Beberapa kalangan akademisi dan pemerintah daerah pesimistis terhadap efektivitas program KMP ini. Kekhawatiran ini wajar mengingat belum adanya koordinasi yang optimal antar lembaga. 

Namun, dari perspektif Prof Lukman sebagai akademisi koperasi, ada dua pendekatan dalam pengelolaan koperasi, yaitu bottom up dan top down.

“Dalam sejarah, koperasi lahir dari inisiatif masyarakat yang kesulitan hidup dan bekerja sama untuk mengatasinya. Namun, di Indonesia bottom up sulit dilakukan karena masyarakat apatis dan citra koperasi banyak yang negatif,” jelasnya.

Meski demikian, ia mengapresiasi inisiatif Presiden Prabowo untuk mendorong gerakan koperasi sebagai bentuk pembangunan ekonomi kerakyatan. Ia mengingatkan kembali semangat Bung Hatta yang menuliskan koperasi sebagai dasar perekonomian dalam penjelasan Pasal 33 UUD 1945, melihat koperasi bukan sekadar badan usaha, melainkan sebagai alat pergerakan ekonomi rakyat.

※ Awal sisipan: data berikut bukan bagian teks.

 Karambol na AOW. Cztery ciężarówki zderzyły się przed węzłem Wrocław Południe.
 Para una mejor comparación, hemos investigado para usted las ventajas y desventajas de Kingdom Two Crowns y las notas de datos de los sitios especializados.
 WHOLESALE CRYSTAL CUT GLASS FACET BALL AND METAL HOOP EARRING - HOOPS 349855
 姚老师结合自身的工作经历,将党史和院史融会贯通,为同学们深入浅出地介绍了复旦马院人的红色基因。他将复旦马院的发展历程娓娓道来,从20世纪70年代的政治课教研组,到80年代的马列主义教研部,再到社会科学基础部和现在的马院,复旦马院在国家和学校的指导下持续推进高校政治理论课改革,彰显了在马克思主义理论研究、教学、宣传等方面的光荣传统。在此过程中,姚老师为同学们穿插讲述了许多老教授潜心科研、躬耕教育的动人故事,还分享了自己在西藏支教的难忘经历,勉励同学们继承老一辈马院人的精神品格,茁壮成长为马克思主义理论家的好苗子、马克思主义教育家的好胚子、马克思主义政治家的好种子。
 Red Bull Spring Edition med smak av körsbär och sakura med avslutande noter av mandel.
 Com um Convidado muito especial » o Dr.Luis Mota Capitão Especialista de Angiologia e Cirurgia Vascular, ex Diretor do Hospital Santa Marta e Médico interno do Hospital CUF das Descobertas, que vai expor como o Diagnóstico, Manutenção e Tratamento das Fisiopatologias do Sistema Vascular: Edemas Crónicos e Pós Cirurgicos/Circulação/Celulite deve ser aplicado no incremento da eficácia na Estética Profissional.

Menurutnya, ada tiga strategi penting dalam implementasi Koperasi Merah Putih (KMP). Pertama, upgrading sumber daya manusia (SDM). Prof Lukman menyatakan, pelatihan dan sertifikasi pengurus koperasi harus menjadi prioritas agar mereka memiliki kompetensi yang memadai.

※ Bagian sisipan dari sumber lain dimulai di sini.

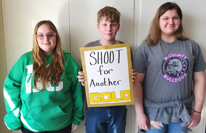 Before the departure, Hoffman (left) and Schaefer stood with Daniel Seilhymer, who held a sign for athletes who would compete in basic Basketball Skills (Dribbling, Passing, and Shooting.) They include Marshall Armstrong, Katie Bidwell, Lucy Kurtz, and Dakota Stotler.
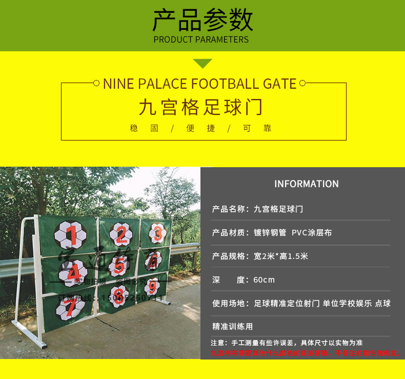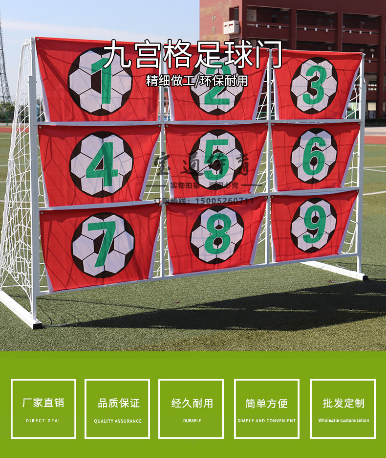 Параметры спецификации: 3M*2M Jiugongge Football Гол, подходящий для четырех или более людей, чтобы использовать футбольный гол Jiugongge, рекомендовать футбол № 5
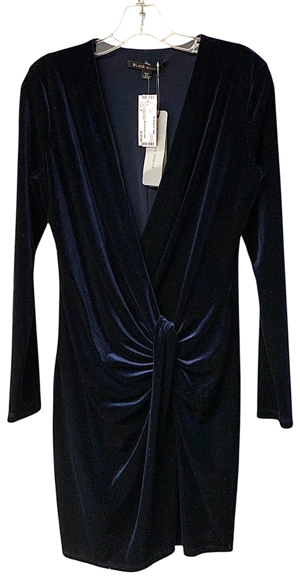 BLACK HALO Midnight Navy Velvet Twist Front L/S Dress
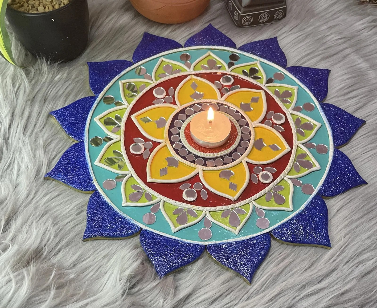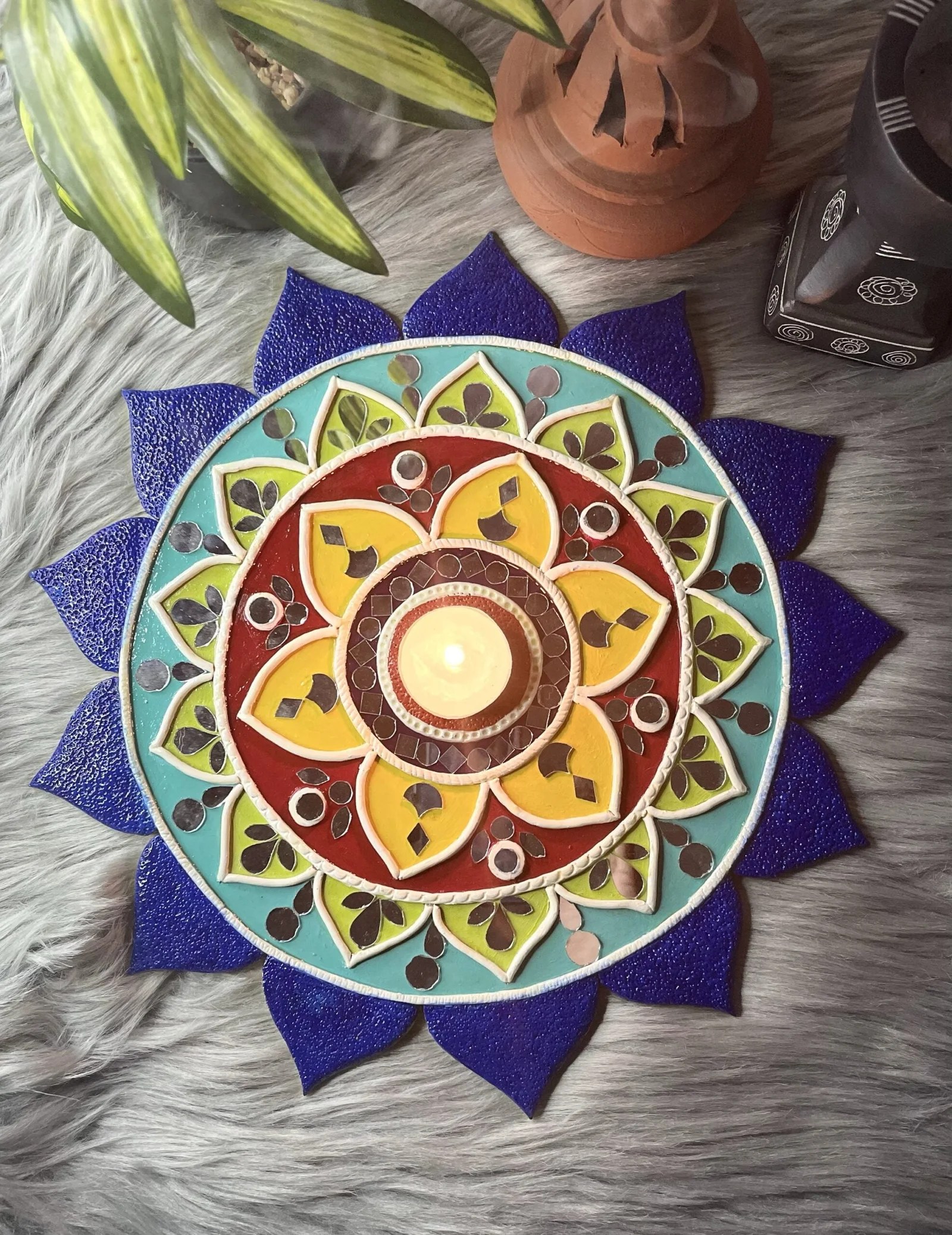 Clay and Mirror Lippan Art – Floral Board
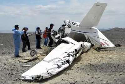 秘魯國家通訊社稱,飛機上共有3名智利人和4名秘魯人,其中包括一名兒童。警方稱事故發(fā)生在當(dāng)?shù)貢r間11時30分,出事地點靠近古老神秘的游覽勝地納斯卡地畫區(qū)。
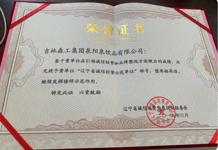 為了更好地貫徹落實(shí)習(xí)近平總書(shū)記在民營(yíng)企業(yè)家座談會(huì)上的講話(huà)精神,以“保質(zhì)保量、誠(chéng)信經(jīng)營(yíng)、綠色消費(fèi)”為主題,樹(shù)立一批“講誠(chéng)信,負(fù)責(zé)任,守法紀(jì)”的先進(jìn)典型。為企業(yè)與企業(yè)之間、企業(yè)與單位之間、企業(yè)與消費(fèi)者之間搭建了一個(gè)很好的交流、合作平臺(tái)。在此次論壇中,吉林森工集團(tuán)泉陽(yáng)泉有限公司榮獲“遼寧省誠(chéng)信經(jīng)營(yíng)示范單位”榮譽(yù)稱(chēng)號(hào)。

“Dalam beberapa bulan, pengurus harus lulus sertifikasi, kalau tidak, harus diganti,” tegasnya.

Kedua, kolaborasi lintas sektor. Program KMP harus menjadi simbol kolaborasi nasional yang melibatkan industri, pemerintah, perguruan tinggi, dan masyarakat.  Ia mencontohkan, IPB University dapat membina semua KMP yang berada di Kabupaten Bogor melalui inovasi teknologi dan pelatihan kewirausahaan.

“Industri jangan mengambil bahan baku dari luar negeri jika bisa disuplai koperasi lokal. Perguruan tinggi pun harus membina KMP di wilayahnya,” ujarnya.  

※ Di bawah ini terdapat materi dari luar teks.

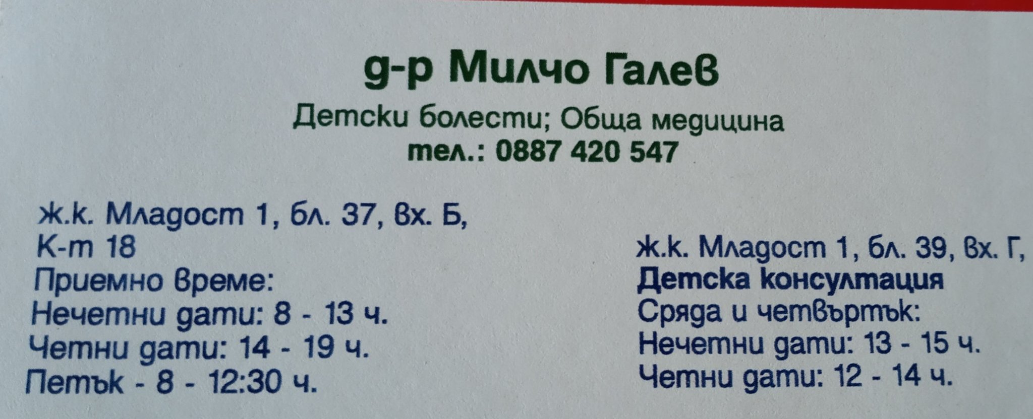 Здравейте, дали някой може да ми даде инфо за работното време на д-р Милчо Галев, поликлиника Младост? Благодаря предварително Simple Smile
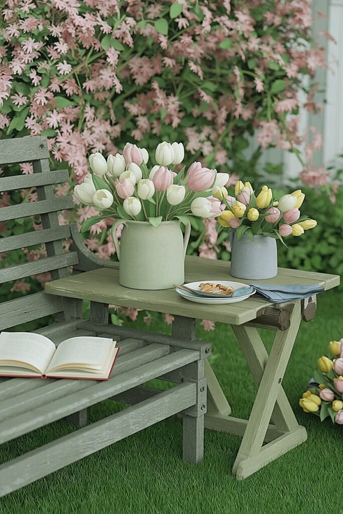 Ways to Choose Spring Tulips Colors That Pop Gently on Outdoor Bench Tables
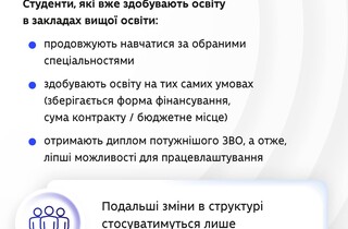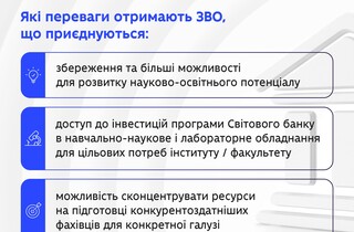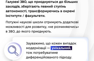 «Заклади, які приєднуються до більших ЗВО, зберігають певний ступінь автономності, трансформуючись в окремі інститути чи факультети. Наукові школи отримують додаткові можливості для розвитку, «не розчиняючись» у виші, до якого приєднуються», – повідомив Оксен Лісовий.

Ketiga, monitoring dinamis. Ia menyarankan adanya mekanisme monitoring dan evaluasi secara bulanan, bukan hanya tahunan, agar perkembangan koperasi dapat terpantau dan masalah diantisipasi sejak dini.

“Kalau setahun sekali dievaluasi, terlalu terlambat. Dengan monitoring dinamis, kejanggalan bisa terdeteksi lebih awal,” katanya.

Di akhir, ia menegaskan pentingnya kolaborasi untuk memastikan KMP bukan hanya menjadi program bisnis semata, tetapi gerakan ekonomi kerakyatan yang berkelanjutan dan membawa kesejahteraan bersama. (AS)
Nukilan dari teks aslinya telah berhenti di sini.